What feelings tended to trigger my desire for alcohol? Here I listed both good and bad things such as a stressful day at work, having the next day off of work, a reason for celebration or having a low day and feeling anxious or depressed etc.

THOUGHTS

The thoughts that would rampage through my mind like a steam train at times that would say stuff like have a drink matt you deserve it, I'll give up tomorrow if I don't have a drink how will I sleep, Everyone expects me to drink so I might as well or it'll be boring without alcohol etc

PEOPLE

The people I encounter who increase my want for alcohol like being around colleagues and all they talk about is going to the pub, after talking on the phone or visiting certain family members I desire a drink, feeling nagged or like someone else is trying to control my drinking etc

PLACES

Under places I also thought about events and special days such as Christmas and birthdays, watching a movie, going out for a meal or having a family barbeque etc

By writing my list I was becoming productive but I was also making myself aware of the many situations and circumstances that do trigger my desire for a drink and there is many.

List in hand I began to focus on how I can combat these situations I knew that the list would be pointless if when a trigger occurred I was unaware and allowed myself to go on autopilot so I decided that when a trigger occurred I would bring my attention to it.

Using the Mindfulness technique of S.T.O.P.

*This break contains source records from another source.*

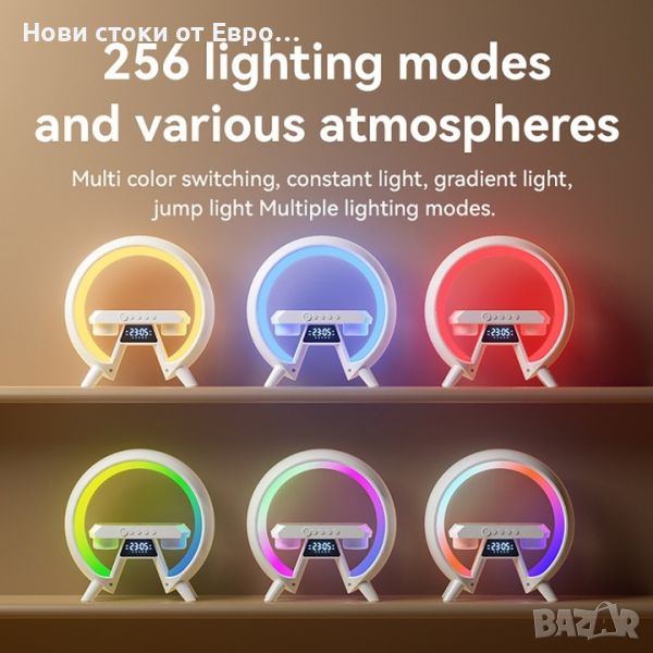 Мултифункционалност: Smart LED лампата е многофункционално решение, което може да се използва за осигуряване на редица функции, като околно осветление, безжично зареждане, възпроизвеждане на музика и много други. Тази умна лампа може да бъде персонализирана според предпочитанията и нуждите на потребителя, за да се адаптира перфектно към пространството и извършваните дейности. Той е не само източник на околна светлина, но също така предлага функция за безжично зареждане, Bluetooth високоговорител, възпроизвеждане на музика, нощна светлина, часовник с цифров дисплей, двойна аларма със симулация на изгрев и други функции. Тази интелигентна LED лампа може да се използва по време на работа, учене, четене или сън.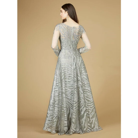 Beaded a-line gown with long sleeves and an illusion neckline. Fully embroidered with gold details and beads. Perfect for the guest of a wedding, or maid of honor dress.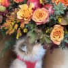 This flower box embodies the essence of autumn, featuring warm orange roses, complemented by red and yellow accents, lush greenery, and the unique touch of pomegranates or apple!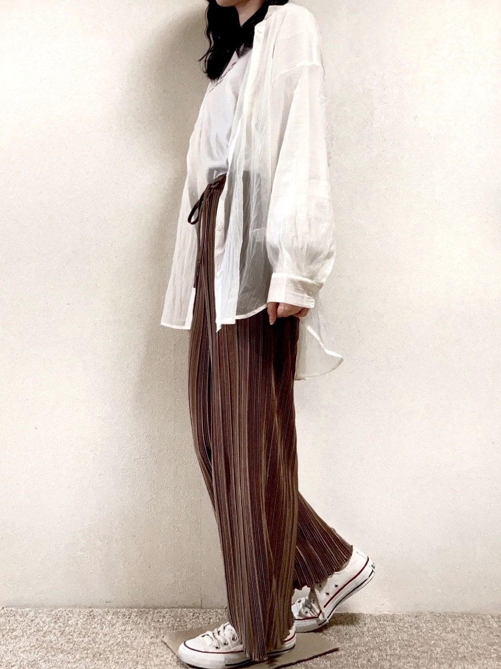 . . . ちょっとお散歩👣 GUのらくちんシンプルコーデ⚪️🟤 シアーシャツの中ロンT着たけど 夏とかはタンクトップ着たいなぁ💭💭 GUのシアーロングシャツ👔 去年はグリーン買ったけど今回は白!! 羽織ってもいいし中に着てもいいし重宝の予感しかしない👀✨ ともだちもピンク買ってました👏🏻 これもGUのランダムプリーツドローストリングパンツ👖 ウエストがゴムでとにかく楽🌱 ほんでもってスタイルよく見える👏🏻 個人的に裾が可愛くて好きです🌸 求めてたブラウンでした🧸🧦 春服夏服って冬服に比べて1枚1枚安いから めっちゃ枚数買っちゃって収納足らんくなる(笑) ピアノ🎹を手放して収納つくるか親と相談中… ロング丈続いてるから次ミニ丈にしよかな💭💭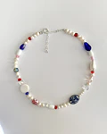 Collar hecho de diferentes materiales como perlas de rio, cristales facetados, cerámica y plástico. Su broche y cadena de ajuste son bañados en plata.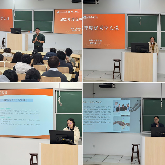 为充分发挥优秀校友的示范引领作用,帮助在校学子明晰学业规划与成长路径,建筑工程学院于2025年11月25日晚在应天校区教学楼201教室成功举办“优秀学长说”主题分享会。2024、2025级全体班团委及团学社主要学生干部共120余人参与活动。会议由院学工办主任江胜锋老师主持。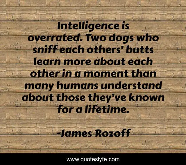 This page presents the quote "Intelligence is overrated. Two dogs who sniff each others’ butts learn more about each other in a moment than many humans understand about those they’ve known for a lifetime.". Author of this quote is James Rozoff. This quote is about intelligence, dogs, intellect,.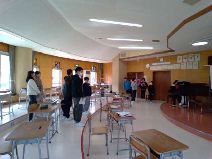 卒業式で歌う歌の練習をしました。パートごとに分かれて練習し、2ndパートでは、楽譜を見て音を確認したり、ピアノで音を取ってもらい歌ってみて音の高さを確認していました。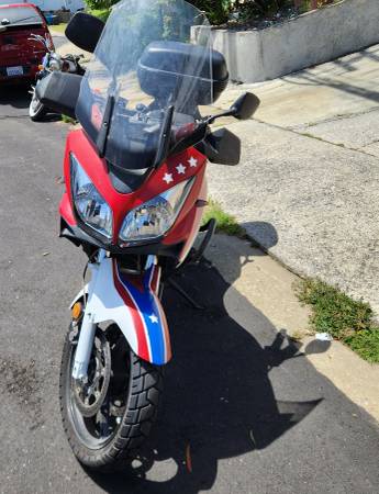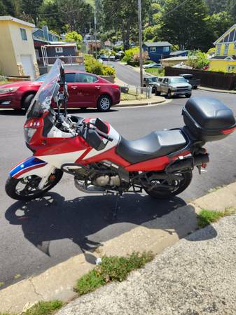Ever dream of hitting the open road like a true superhero? My 2007 Suzuki V-Strom 650 is decked out in bold red, white, and blue β Captain America colors.

STOP In my tracks as soon as I feel a craving

TAKE A BREATHE this momentary pause allowed me to go from the autopilot in my mind to the here and now giving me back control.

OBSERVE MYSELF during this pause I would look at the craving and think of what my body actually needs and not what my mind thinks it needs i.e. alcohol. In doing so I would often notice I hadn't eaten, ok Matt get some grub this would take the edge off, I was stressed, ok Matt get some fresh air, I was bored lacking stimuli, Ok Matt do something productive this feeling will pass!

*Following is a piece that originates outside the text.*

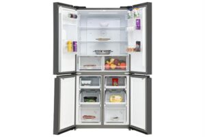 - Tủ lạnh Toshiba sở hữu thiết kế 4 cửa hiện đại với màu sắc xám sang trọng, dễ dàng kết hợp với mọi không gian nội thất trong nhà. Việc sở hữu 4 cửa không chỉ mang đến tính thẩm mỹ mà còn giúp tối ưu hóa không gian lưu trữ. Các ngăn tủ được phân chia rõ ràng, giúp người dùng dễ dàng quản lý thực phẩm mà không gặp phải tình trạng lộn xộn.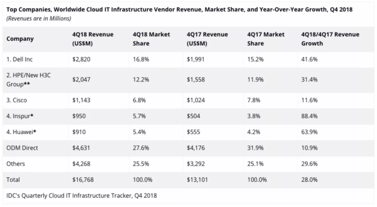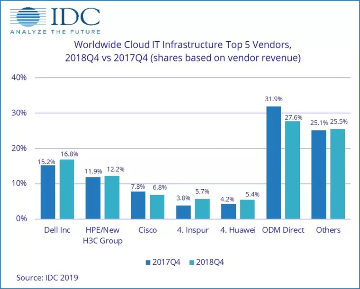 Dell, HPE, Cisco, Inspur, and Huawei are the top five vendors with the biggest claims of the cloud IT infrastructure market in terms of revenue.

PROCEED I would then proceed with what was needed and often I had to grit my teeth and be disciplined but I did get through it!

This simple technique has gotten me out of some very close calls including the night my dad died please check out day 49 video on my journey and On day 50 the video called keep on keeping on.

With my list, I was now able to be prepared for my trigger times and so my recovery became the most important thing in my life as I planned and prepared for my trigger times by getting productive.

I knew a lack of stimuli in the evening would put me in the danger zone so I decided to learn about my problem of an evening.

I studied addiction and in doing so I learnt about how childhood trauma is a gateway into addiction for many.

Because of my job and lockdown, I knew I would not be able to go to group meetings or therapy so I kept a journal which was for all intense and purposes was my Facebook page.

I begun to talk about my past which was not easy however something within felt it was time I opened up and perhaps by doing so I can show that we are more than our pasts, more than our addictions.

Other things I did :

I started eating healthy proper meals and keeping myself hydrated as I learnt that alcohol strips the body of vital nutrients and when we go into recovery it is important that we replace these nutrients and build our bodies back up.

One thing I will say as well is before you consider detoxing please visit your GP and get yourself checked out. Your GP can also advise on your options for detoxing and what help and assistance are available to you in your area.

For greater insight into my journey, what I have done and my recovery please check out my videos that go back to my day one.

At the end of the day, however, the desire for change has to be one you truly want. There are times when recovery seems so hard and everything seems to be going against you. These are the moments when we feel alcohol will take the pain away...

But it won't

It will simply continue to dictate your future and cause you problems and you are worth so much more than that.

Be consistent, be proactive, do not be afraid to reach out for support and remember there is no fails, there are only opportunities to learn.